* _Source data_:

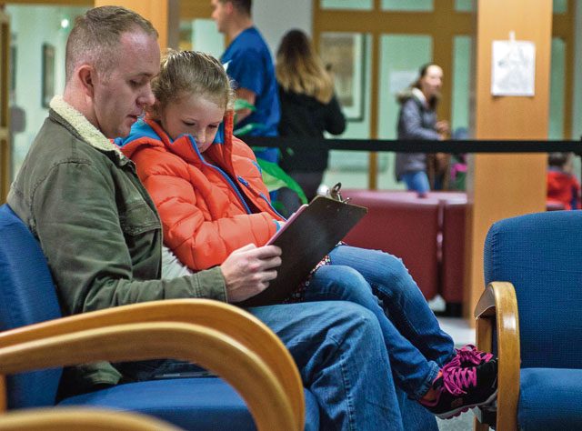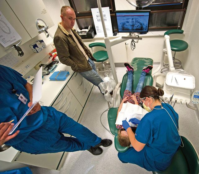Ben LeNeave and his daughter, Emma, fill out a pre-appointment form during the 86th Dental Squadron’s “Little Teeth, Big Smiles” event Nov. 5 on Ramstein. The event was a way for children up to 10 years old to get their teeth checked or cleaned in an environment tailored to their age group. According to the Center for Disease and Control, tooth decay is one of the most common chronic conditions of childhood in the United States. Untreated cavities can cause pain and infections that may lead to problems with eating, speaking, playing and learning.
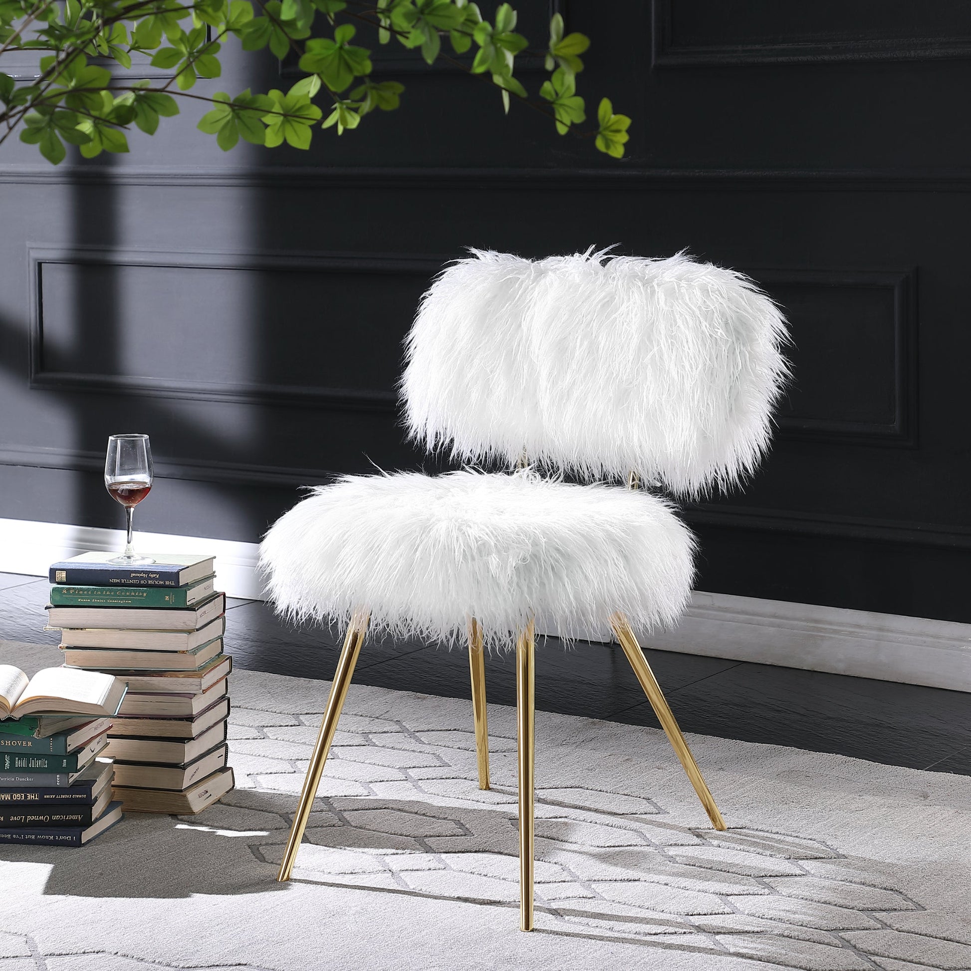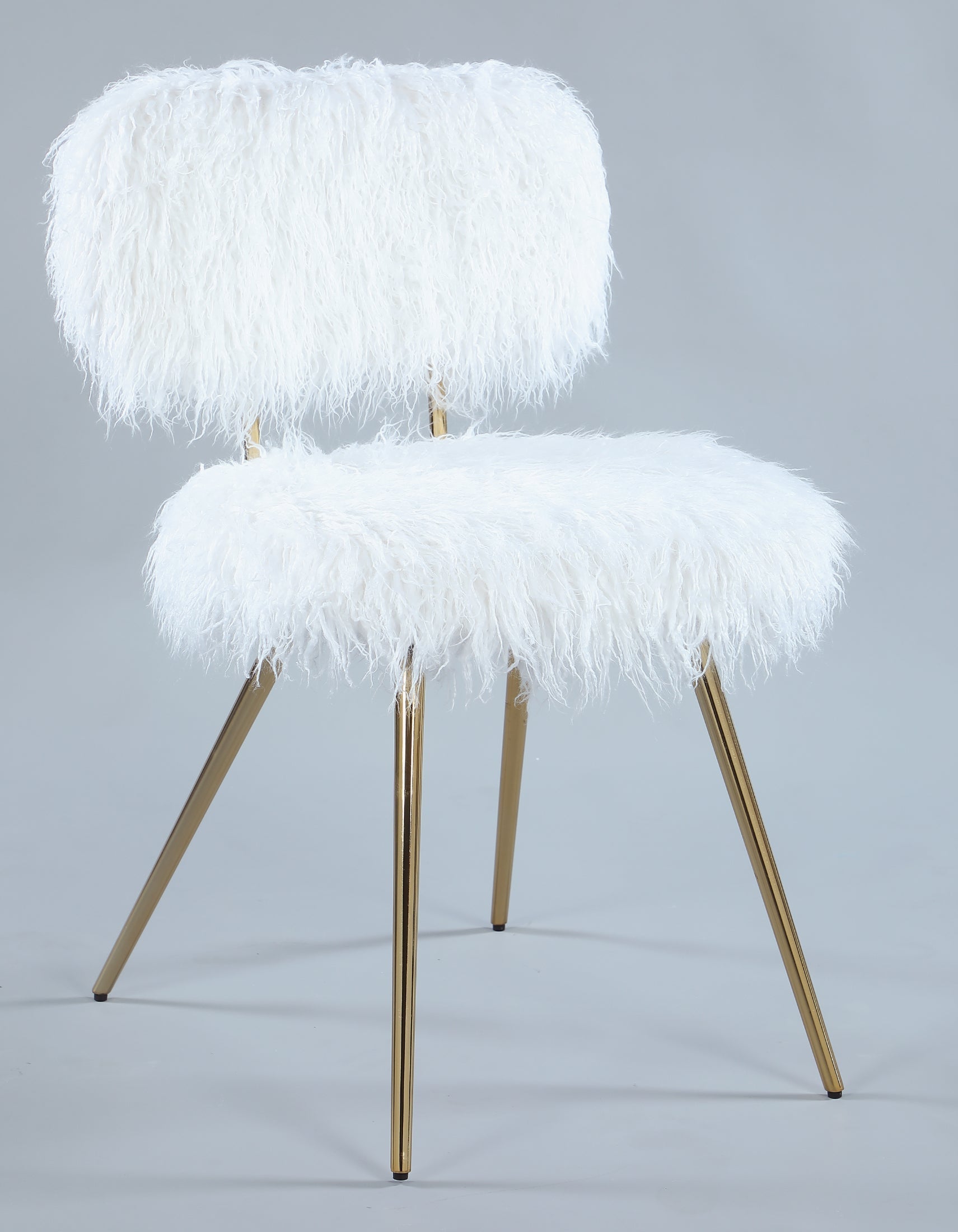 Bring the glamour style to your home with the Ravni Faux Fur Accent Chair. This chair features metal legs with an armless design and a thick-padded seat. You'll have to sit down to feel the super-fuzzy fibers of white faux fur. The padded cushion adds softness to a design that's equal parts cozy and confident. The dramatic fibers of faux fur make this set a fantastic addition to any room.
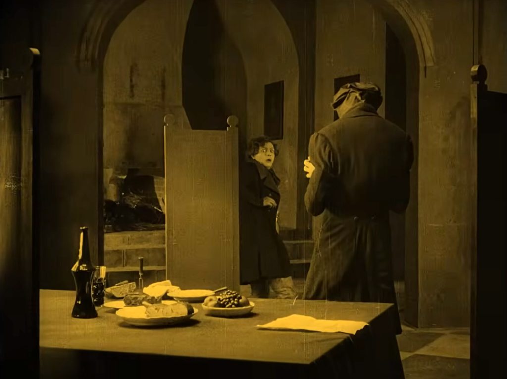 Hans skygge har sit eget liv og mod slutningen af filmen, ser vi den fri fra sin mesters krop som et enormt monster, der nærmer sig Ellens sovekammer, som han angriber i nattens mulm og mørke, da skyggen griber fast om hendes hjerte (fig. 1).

---

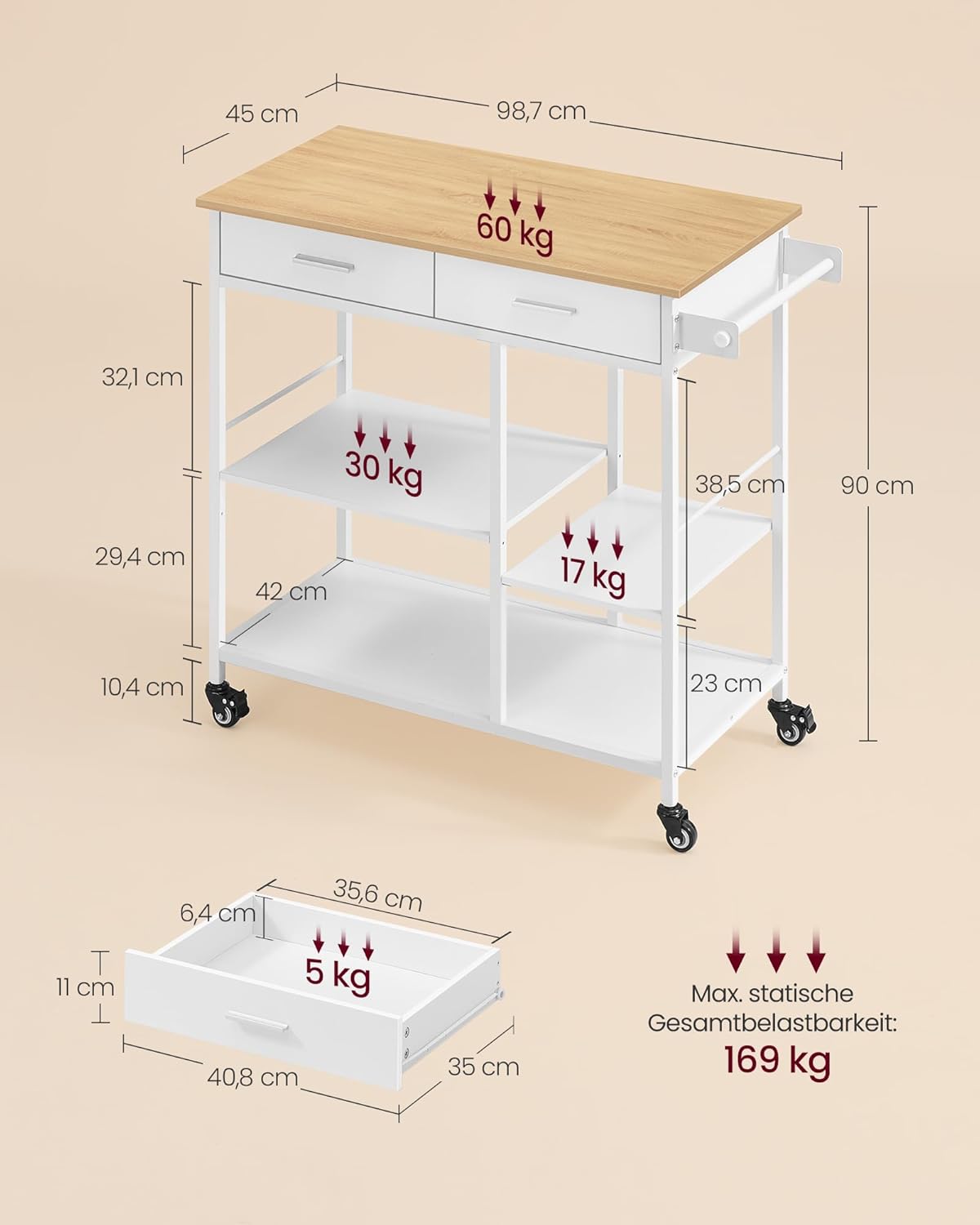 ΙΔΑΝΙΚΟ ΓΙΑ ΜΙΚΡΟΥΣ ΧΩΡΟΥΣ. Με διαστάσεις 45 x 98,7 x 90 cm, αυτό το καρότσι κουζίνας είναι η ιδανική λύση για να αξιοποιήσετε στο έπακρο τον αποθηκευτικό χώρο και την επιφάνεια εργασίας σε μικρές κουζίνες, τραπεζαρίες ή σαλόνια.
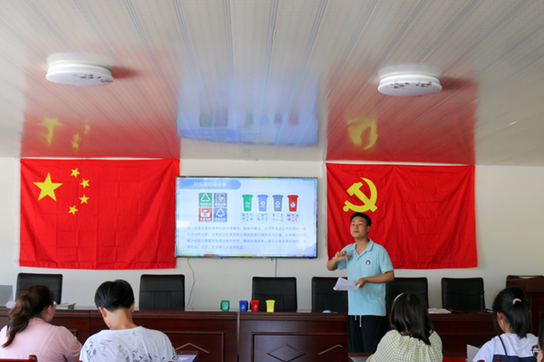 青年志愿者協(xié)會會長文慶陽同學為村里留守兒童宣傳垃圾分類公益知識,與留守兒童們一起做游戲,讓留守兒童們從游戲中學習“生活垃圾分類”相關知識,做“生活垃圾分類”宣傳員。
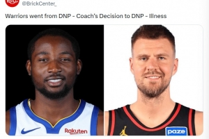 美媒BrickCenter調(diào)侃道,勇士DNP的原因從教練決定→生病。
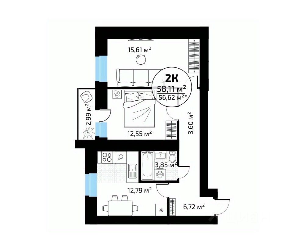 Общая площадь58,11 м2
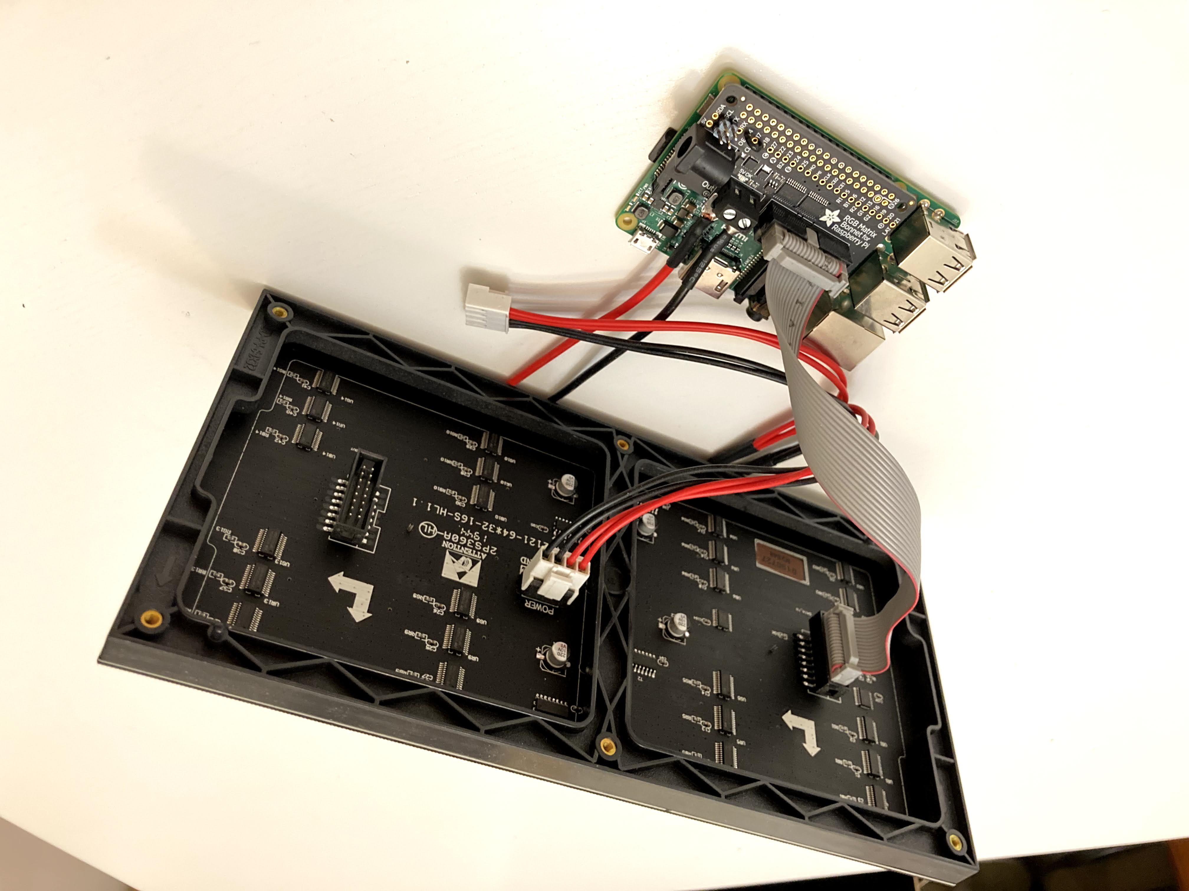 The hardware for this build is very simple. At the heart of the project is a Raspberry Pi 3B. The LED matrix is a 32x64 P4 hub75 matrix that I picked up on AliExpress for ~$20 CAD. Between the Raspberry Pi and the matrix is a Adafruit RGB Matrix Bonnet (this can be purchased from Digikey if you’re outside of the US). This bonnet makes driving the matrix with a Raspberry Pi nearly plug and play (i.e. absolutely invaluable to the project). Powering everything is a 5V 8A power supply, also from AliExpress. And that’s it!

* _Task to carry out_:
Give exactly the lines above that run from the line with "Bring the glamour" to the line with "Hans skygge har", both included, leaving every picture out.

* _Answer area_:
 Bring the glamour style to your home with the Ravni Faux Fur Accent Chair. This chair features metal legs with an armless design and a thick-padded seat. You'll have to sit down to feel the super-fuzzy fibers of white faux fur. The padded cushion adds softness to a design that's equal parts cozy and confident. The dramatic fibers of faux fur make this set a fantastic addition to any room.
 Hans skygge har sit eget liv og mod slutningen af filmen, ser vi den fri fra sin mesters krop som et enormt monster, der nærmer sig Ellens sovekammer, som han angriber i nattens mulm og mørke, da skyggen griber fast om hendes hjerte (fig. 1).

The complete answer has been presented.